Admission to the opening reception and the exhibit is free and open to the public. The exhibition will be on view through mid-February 2017. For more information, call (304) 367-4403.

Featuring examples from the FSU Botany Department’s Herbarium, 23 plants from the collection have been selected for exhibition, which forms the basis of the show. The central exhibition space utilizes the standing panels to create a giant herbal, a medieval compendium of plants. In this manner of exhibiting the specimens, viewers will see how the first such volumes were organized and used.
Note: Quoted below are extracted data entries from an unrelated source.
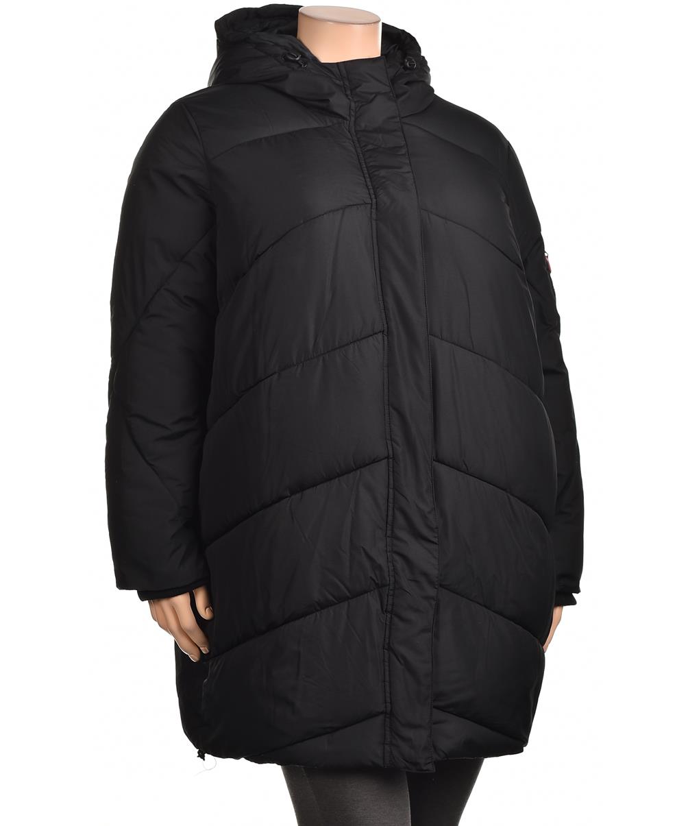 Топло дамско зимно яке в черно с качулка и мека подплата. Свободна кройка, диагонално шито, с цип и джобове. Практично и стилно за ежедневна зимна употреба при ниски температури. Идеално за всеки ден.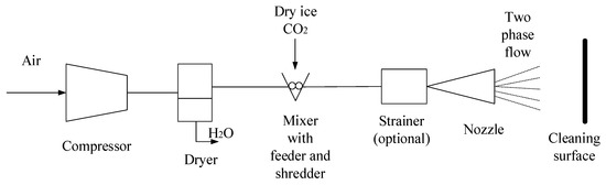 In dry ice blasting, the first step is air compression and drying. Dry ice in the form of pellets (3 mm in diameter and 5–15 mm in length) [5] is then loaded into a shredder. If pellets of smaller dimensions are required, they are run through a strainer. Dry ice is produced in a separate system [6], i.e., using the process described in [7] or on site [8] by conversion of liquid CO2 to pellets with the use of a pelletizer. Once the pellets are loaded in the two-phase dry ice blasting machine, compressed air blasts them through a nozzle on to the cleaning surface [9]. The flow parameters are highly dependent on air pressure, dry ice mass flow rate, and nozzle-surface distance. The schematics of the system is shown in Figure 1.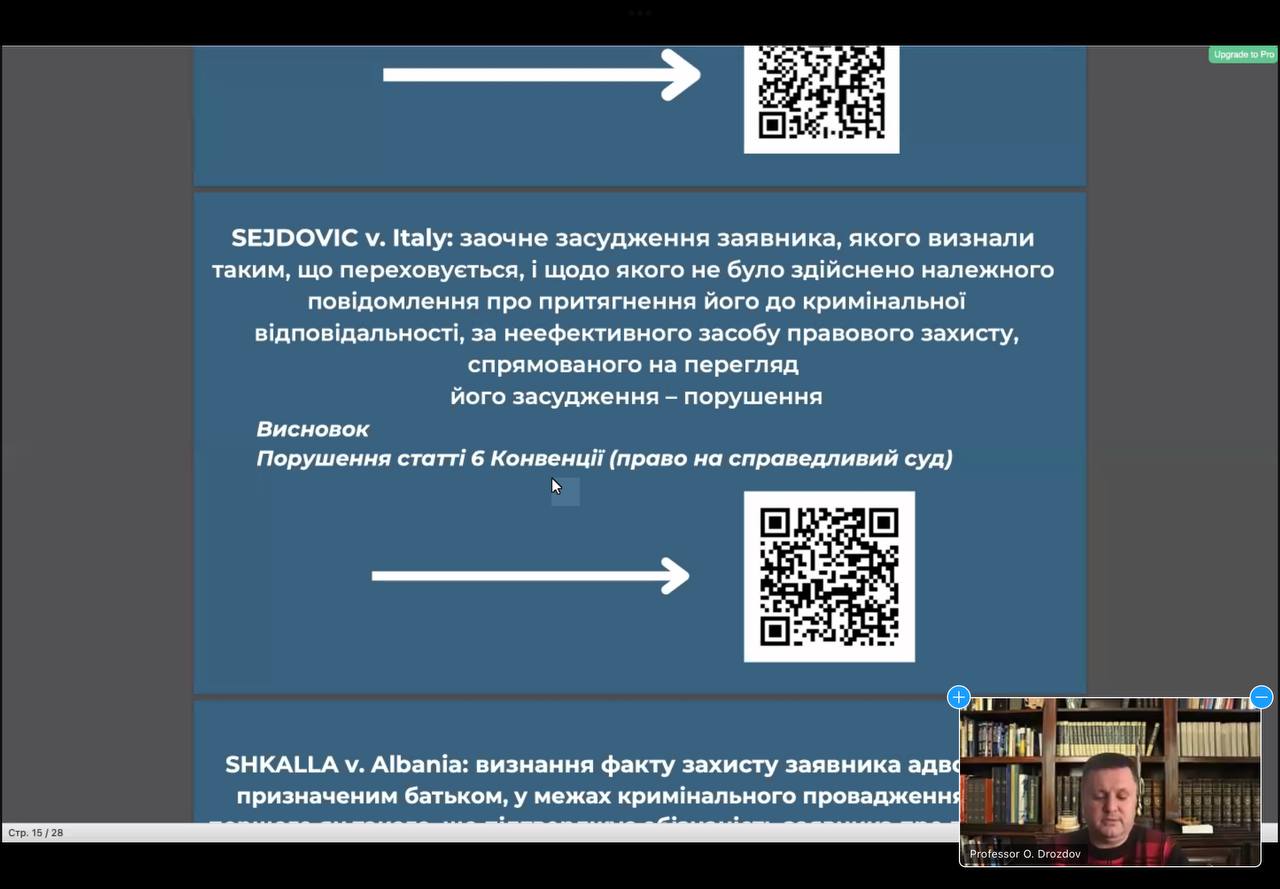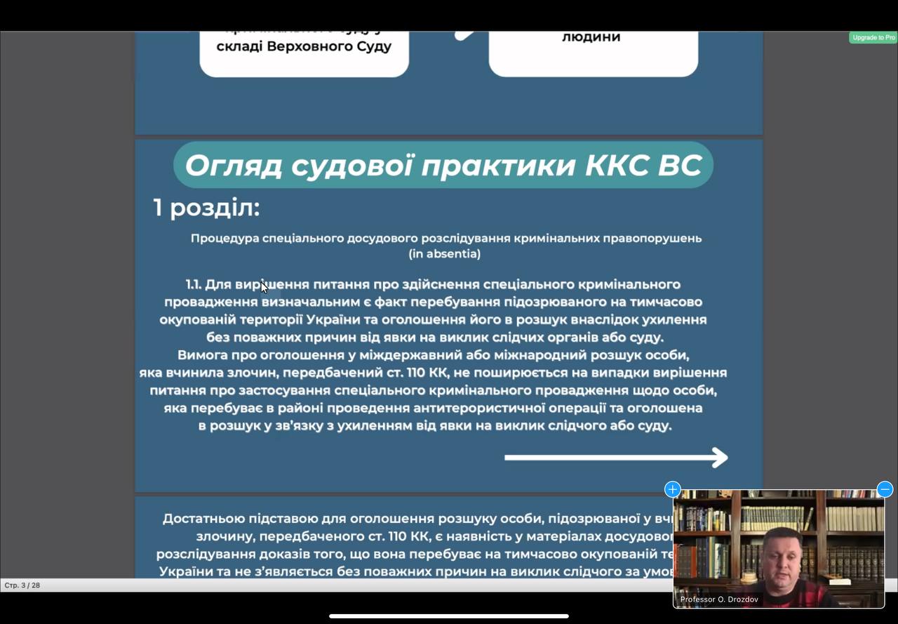 Доповідач проаналізував актуальну судову практику, окремо зосередивши увагу на практиці Касаційного кримінального суду у складі Верховного Суду щодо здійснення спеціальної процедури кримінального провадження (досудового розслідування та судового розгляду) за відсутності обвинуваченого (in absentia). Також професор Олександр ДРОЗДОВ досить детально висвітлив ключові рішення Європейського суду з прав людини щодо судового розгляду за відсутності обвинуваченого (in absentia).

In many respects these early collections of plant images and information were the pharmacopeia of the ancient and medieval worlds.

Also accompanying the central images are three-dimensional models of basic plant parts (especially included for children), preserved (jarred) specimens and selections of material culture from the Folklife Center’s numerous individual collections that show the use of plant forms in their design and execution. Included are textiles, toys and other art forms, together with “tools” of the botanist’s trade: a vasculum for gathering plants and plant presses.

Although the exhibition has been partially on view since May, this is the premiere of the finished exhibition, capped by the addition of six new works by artist Claudia Giannini, who will be on hand for the Sept. 9 opening.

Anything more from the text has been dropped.